Per benchmark, there are 3 sub-benchmark where I compare the behavior of 3 algorithms to calculate the timestamp:
-          Fully synchronized
-          Partially synchronized, and  (use AtomicLong)
-          Not synchronized at all
Each thread execute a couple of thousand operations.
Each operation does 3 things:

  double res = Math.random() * 13;
  String s = "something" + res;
  TimestampResolutionNotSync.MICROSECONDS.createTimestamp();

Before the benchmark, I let the test run 5k operation with no time calculation to warm-up. Without it, the first set of test to be executed always shows a slightly less performance. So I consider it was fair to include the warm-up first. The 100 threads test has not warm-up.

The overall operation is 5,000,000. Regardless the number of threads. This way I can see how fast or slow  it works.
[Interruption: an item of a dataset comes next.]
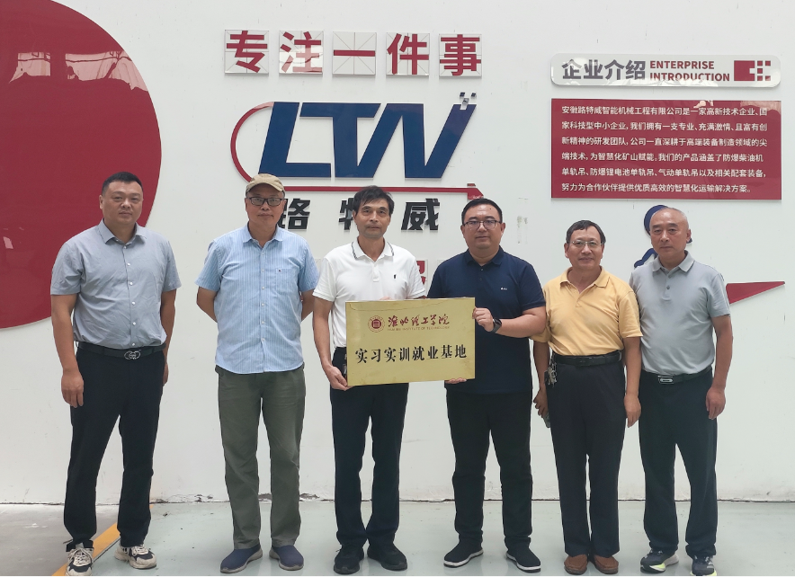2025年9月17日,淮北理工学院机电与建筑工程学院张安宁、王广健一行赴安徽路特威智能机械工程有限公司开展了访企拓岗、产学研交流,受到了公司况波总经理的热情接待。机电与建筑工程学院与安徽路特威智能机械工程有限公司共同签署了校企合作共建实习实训就业基地的协议,进行了基地的挂牌仪式。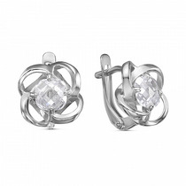 Серьги с фианитом родированные серебро 925*

How to interpret the results:
-          Look at the attached files. There 2 files per benchmark. (one shows the TPS and media, and the other one shows the CPU usage)
-          For example: 100Threads-15secs-50kops means:
o   100 threads
o   Graphic has timeframes of 15 secs
o   Each thread perform 50 K operations
-          There are three colors indicating the performance of the three algorithms (Blue, Red and Green)
        

BLUE: the createTimestamp method is fully synchronized
GREEN: Partially synchronized using atomic long with possible race conditions.
RED: Not synchronized at all with high risk of getting the same timestamp within and across threads.




Case 1: 8 Threads - 1000 K operations.
Note: Lower values are better. It shows the media of each algorithm.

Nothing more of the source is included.